(Supplied data begins)
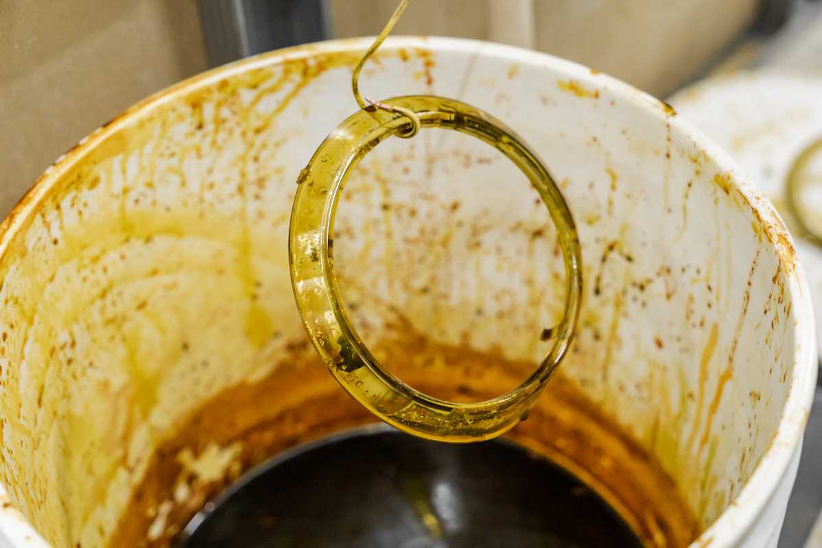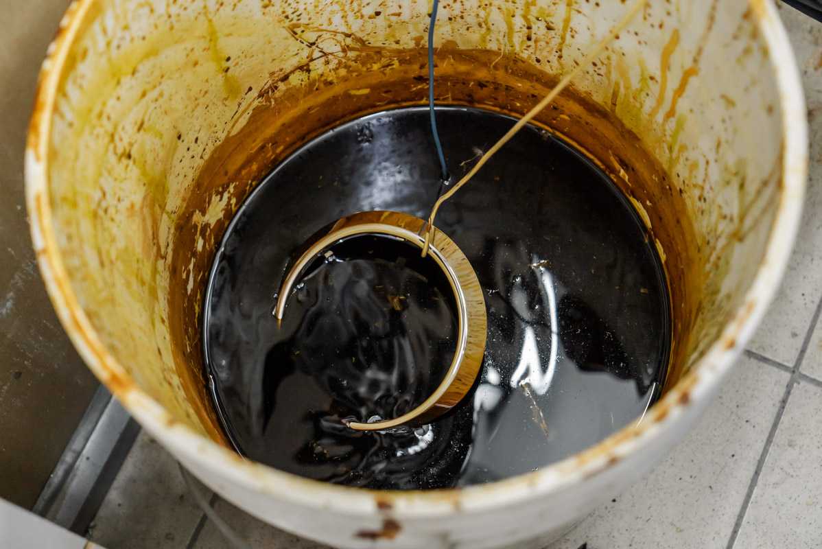Спилив стекла с фар БМВ Х5 Е70 для замены линз, мы снимаем старую оптику и все остальные элементы фар – перед покраской следует удалить весь хром ; работаем с хлорным железом, окуная детали в раствор, где сразу после извлечения хромированное покрытие начинает облезать и его легко счистить вручную.
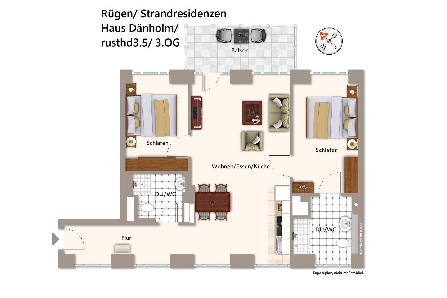 Das 75 m² große 3-Zimmer-Apartment mit Balkon zur Meerseite ist für bis zu 4 Personen geeignet und liegt in erster Reihe zum Strand. Euer Urlaubsdomizil verfügt über zwei Badezimmer und zwei separate Schlafzimmer. Nur wenige Schritte und ihr befindet euch am kilometerlangen Sandstrand der Insel.
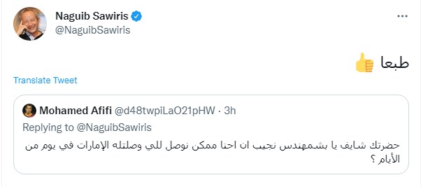 وعندما سأله أحد متابعيه "حضرتك شايف يا بشمهندس نجيب إن إحنا ممكن نوصل للي وصلتله الإمارات في يوم من الأيام؟"
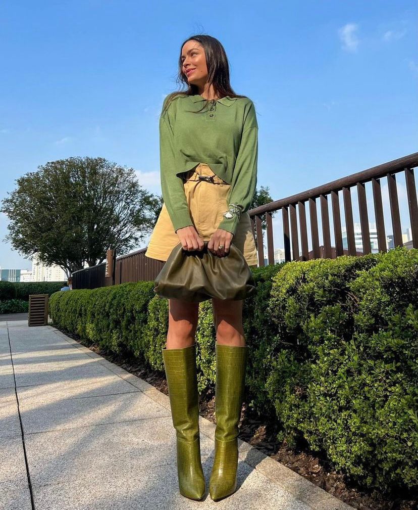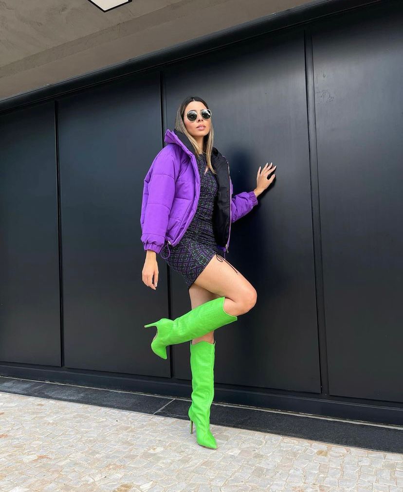 - As botas de cano alto coloridas (que são o destaque desse ano), podem ser usadas com cores que combinam, como um vestido azul claro e uma bota pink, ou ao contrário, um vestido pink com a bota azul. Também podemos usar looks tom sobre tom, como um conjunto verde claro com a bota verde musgo, ou combinar cores neutras com a bota verde. Também fica legal o look color block com a bota da mesma cor, claro que é algo mais chamativo, mas fica super estiloso. Look roxo com a bota verde. Look com cor clara mais as botas coloridas.
(Supplied data ends)
— Work to be completed —
Leave out the pictures and output the rest of the material exactly as written.

— Final answer —
Спилив стекла с фар БМВ Х5 Е70 для замены линз, мы снимаем старую оптику и все остальные элементы фар – перед покраской следует удалить весь хром ; работаем с хлорным железом, окуная детали в раствор, где сразу после извлечения хромированное покрытие начинает облезать и его легко счистить вручную.
 Das 75 m² große 3-Zimmer-Apartment mit Balkon zur Meerseite ist für bis zu 4 Personen geeignet und liegt in erster Reihe zum Strand. Euer Urlaubsdomizil verfügt über zwei Badezimmer und zwei separate Schlafzimmer. Nur wenige Schritte und ihr befindet euch am kilometerlangen Sandstrand der Insel.
 وعندما سأله أحد متابعيه "حضرتك شايف يا بشمهندس نجيب إن إحنا ممكن نوصل للي وصلتله الإمارات في يوم من الأيام؟"
 - As botas de cano alto coloridas (que são o destaque desse ano), podem ser usadas com cores que combinam, como um vestido azul claro e uma bota pink, ou ao contrário, um vestido pink com a bota azul. Também podemos usar looks tom sobre tom, como um conjunto verde claro com a bota verde musgo, ou combinar cores neutras com a bota verde. Também fica legal o look color block com a bota da mesma cor, claro que é algo mais chamativo, mas fica super estiloso. Look roxo com a bota verde. Look com cor clara mais as botas coloridas.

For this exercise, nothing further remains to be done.